» Work task
From the line with "The myrentpad vehicle" to the final line of the data below, please write out every line exactly, with no pictures.

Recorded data
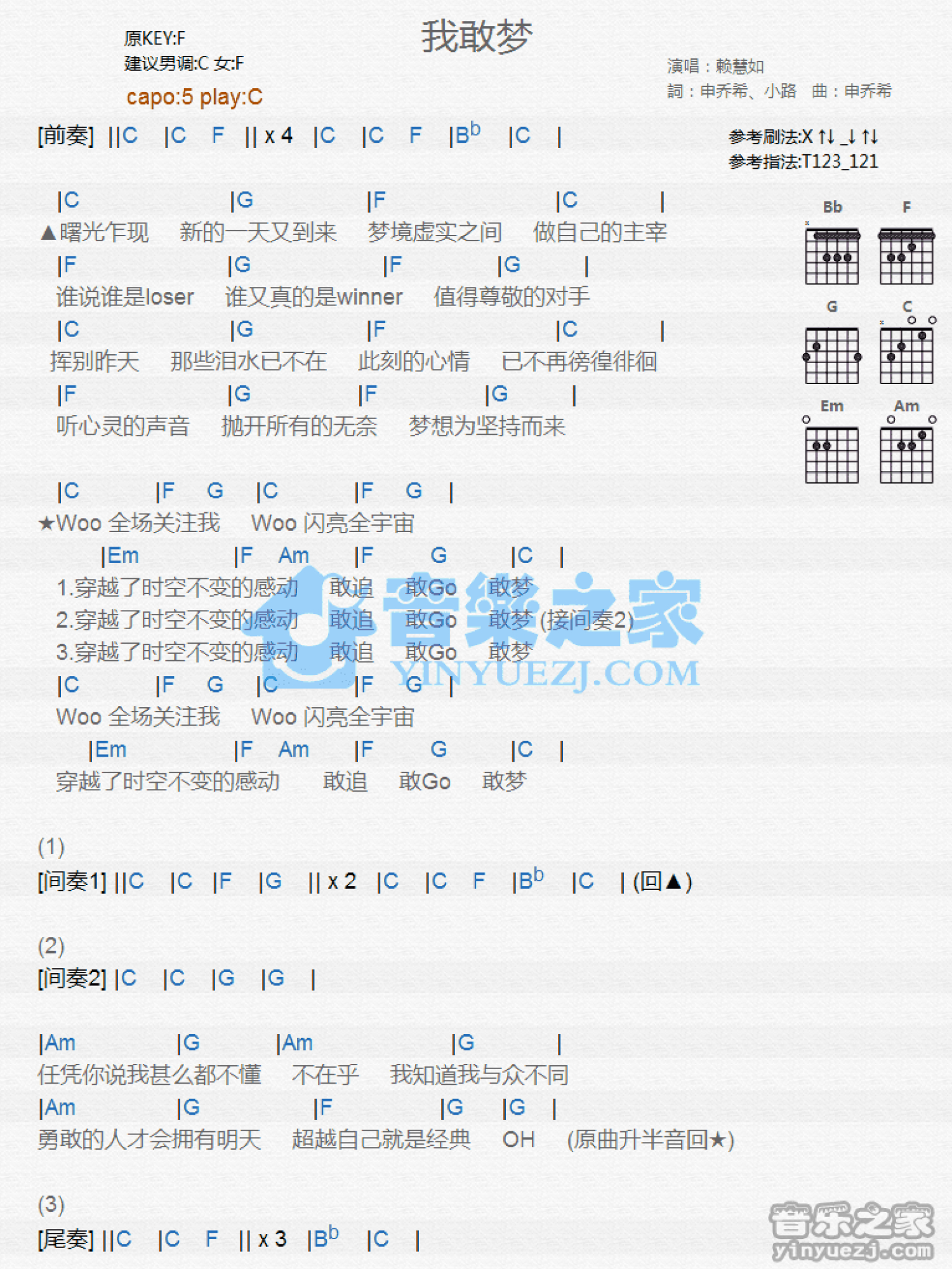 曲谱介绍: C调版赖慧如《我敢梦》吉他和弦弹唱谱
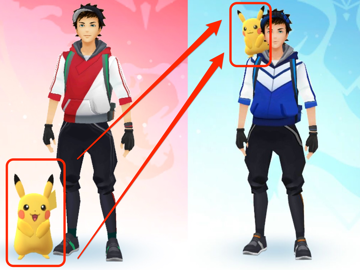 En definitiva, en vez de ir a su lado, tras 10 kilómetros se ubicará en el hombro del jugador. Este cambio es una referencia a la serie Pokémon, cuando Ash debió trabajar mucho para conseguir el cariño de su Pikachu.
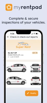 The myrentpad vehicle inventory application offers many advantages to simplify the management of your vehicle fleet: Thorough inspection tracking: vehicle pick-up, drop-off, and replacement. Vehicle inventory. Selection of visuals for inspection: photo, diagram, sketch, etc. Stored documents are accessible, traceable, and secure. Save claim documents. Inspection report e-mailed directly to the customer. Re-billing management: fuel and damage.
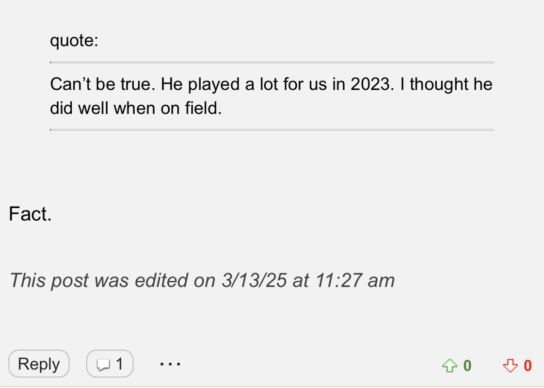 Clearly not. You responded Fact to this guy saying Rico Payton played a lot for us in 2023
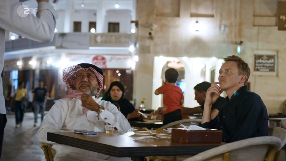 Interviewende: Der frühere Fußballer und Katars WM-Botschafter Khalid Salman (li.) und ZDF-Reporter Jochen Breyer. Bild: Screenshot: ZDF Heute-Journal, 07.11.2022 / RT
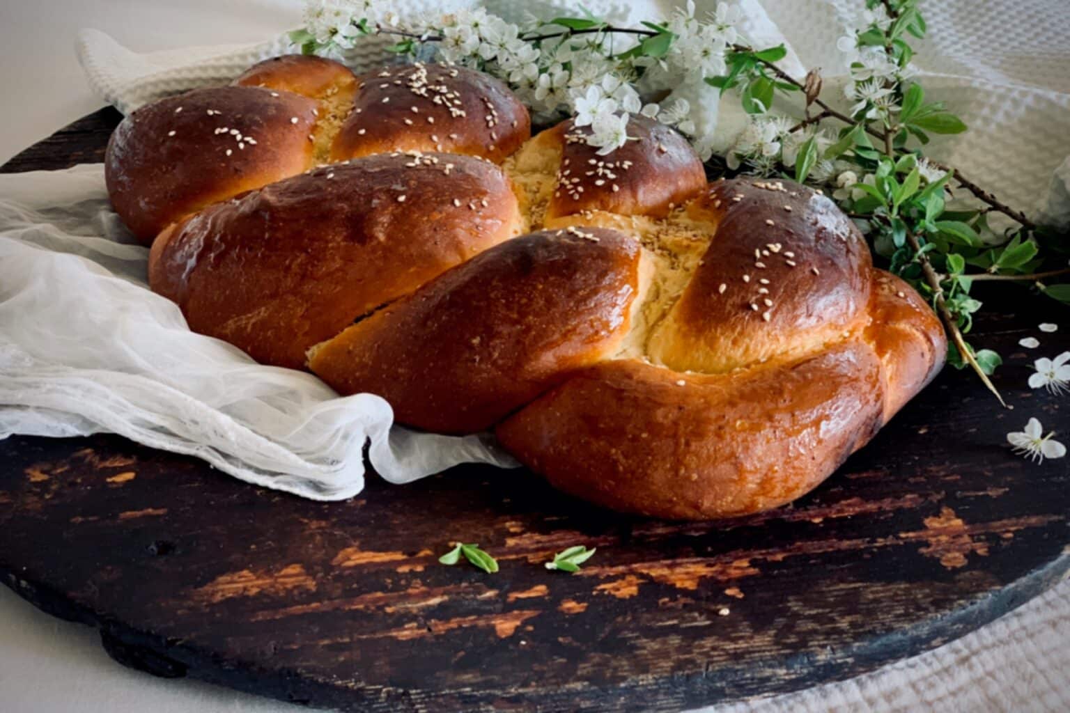 - Μεταφέρετε τη ζύμη στο φούρνο σας και ψήστε για 20 λεπτά. Βγάζουμε τη ζύμη από το φούρνο και την αλείφουμε με άλλη μια στρώση από το πλύσιμο των αυγών και στη συνέχεια την πασπαλίζουμε με σουσάμι. Επιστρέψτε το στο φούρνο σε περιστρεφόμενη θέση (έτσι ώστε να ψηθεί ομοιόμορφα) και στη συνέχεια ψήστε το για άλλα 20-30 λεπτά, μέχρι να ροδίσει σε όλο το μήκος (ένα θερμόμετρο θα πρέπει να δείχνει τουλάχιστον 90 βαθμούς στο κέντρο του ψωμιού). Αφήστε το να κρυώσει σε μια σχάρα πριν το κόψετε και το σερβίρετε.

» Finished task
 The myrentpad vehicle inventory application offers many advantages to simplify the management of your vehicle fleet: Thorough inspection tracking: vehicle pick-up, drop-off, and replacement. Vehicle inventory. Selection of visuals for inspection: photo, diagram, sketch, etc. Stored documents are accessible, traceable, and secure. Save claim documents. Inspection report e-mailed directly to the customer. Re-billing management: fuel and damage.
 Clearly not. You responded Fact to this guy saying Rico Payton played a lot for us in 2023
 Interviewende: Der frühere Fußballer und Katars WM-Botschafter Khalid Salman (li.) und ZDF-Reporter Jochen Breyer. Bild: Screenshot: ZDF Heute-Journal, 07.11.2022 / RT
 - Μεταφέρετε τη ζύμη στο φούρνο σας και ψήστε για 20 λεπτά. Βγάζουμε τη ζύμη από το φούρνο και την αλείφουμε με άλλη μια στρώση από το πλύσιμο των αυγών και στη συνέχεια την πασπαλίζουμε με σουσάμι. Επιστρέψτε το στο φούρνο σε περιστρεφόμενη θέση (έτσι ώστε να ψηθεί ομοιόμορφα) και στη συνέχεια ψήστε το για άλλα 20-30 λεπτά, μέχρι να ροδίσει σε όλο το μήκος (ένα θερμόμετρο θα πρέπει να δείχνει τουλάχιστον 90 βαθμούς στο κέντρο του ψωμιού). Αφήστε το να κρυώσει σε μια σχάρα πριν το κόψετε και το σερβίρετε.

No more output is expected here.